In a highly anticipated encounter, Bill Gates of Microsoft Corp and Steve Jobs of Apple Inc took the stage on Wednesday evening to relive old battles and alliances and speculate about the future of digital culture and technology.
Rivals for three decades, the two executives have rarely appeared in public together and have generally been viewed as bitter rivals, despite occasional partnerships.
In front of about 600 technology executives at the "D: All Things Digital" conference sponsored by the Wall Street Journal, the two executives attracted the attention usually reserved for rock singers and Hollywood stars.
However, attendees who went to the conference hoping for fireworks or a confrontation were disappointed.
The mild tone to the session did not take anything away from the event and after discussing the past and present of the computing industry, the two were greeted with a standing ovation.
Gates and Jobs largely pioneered the personal computer industry beginning in 1975 and 1976 and they spent part of the evening sharing memories of those days.
Today "we ship these computers with one or two gigabytes and nobody remembers 128 kilobytes," Jobs said.

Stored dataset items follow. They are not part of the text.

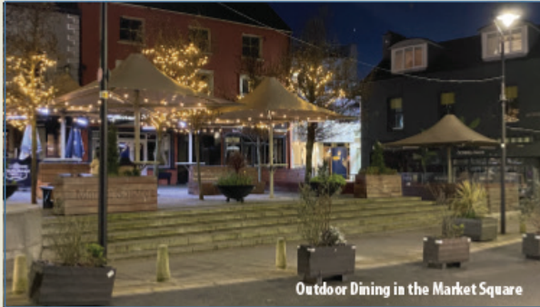
Outdoor Dining in the Market Square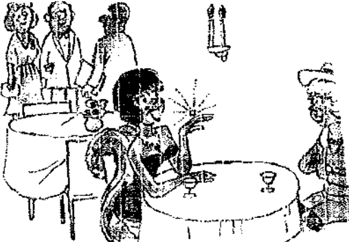
"Amazing, isn't it, how nature can produce a diamond just by taking a man and putting him under tremendous pressure?"

In connection with solar activity, NASA has new data on the radiation hazards involved in going to the moon and Mars. The Mars Science Laboratory delivered the Curiosity rover by traveling to Mars for 253 days. The first radiation detector to make the trip was on the spacecraft. Because the solar activity was low, scientists thought that radiation levels would not be prohibitively high. Even with these ideal conditions, a human going to Mars would get so much radiation that it would be like having a whole-body CT scan every five or six days. It would be like a Hiroshima survivor experiencing that event two dozen times. The dosage would be 66,240 mrem (millirems), which is what the average person on earth gets in 184 years. This amount of radiation would increase a fatal cancer risk by 3 or 4 percent. We fail to realize how much shielding is built into the earth's design by the atmosphere and the earth's magnetic field.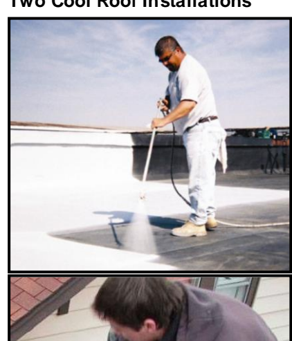
Figure 6: Two Cool Roof Installations

Shingled Roofs consist of overlapping panels made from any of numerous materials. Fiberglass asphalt shingles, commonly used on homes, are coated with granules for protection. Cool asphalt shingles are use specially coated granules that provide better solar reflectance. While it is possible to coat existing asphalt shingles to make them cool, this is not normally recommended or approved by shingle manufacturers. Other shingles are made from wood, polymers, or metals and these can be coated at the factory or in the field to make them more reflective. Metal shingles are described in the Metal Roofs section that follows.

Apple and Microsoft were business partners at the start of the computer era beginning in 1977 when Gates supplied a copy of the BASIC programming language for the Apple II computer.
Later, Gates made an early bet on writing software for the Macintosh, two years before the computer was introduced in 1984.
Neither was willing to acknowledge the possibility that the personal computer era they had helped create would end anytime soon.
"The PC has proven to be very resilient," Jobs said.
At the same time they called themselves believers in the explosion of hand-held communications devices, also known as "Post PC devices."
Gates said he was sometimes frustrated by the fact that the players in the industry changed so quickly.
"I miss it when people come and go. It's nice when people stick around and it gives us some context," he said.
Neither man was willing to say harsh things about the other and Jobs summed up his feelings by quoting from a Beatles song: "`You and I have memories longer than the road that stretches out ahead,' that's clearly true here," he said.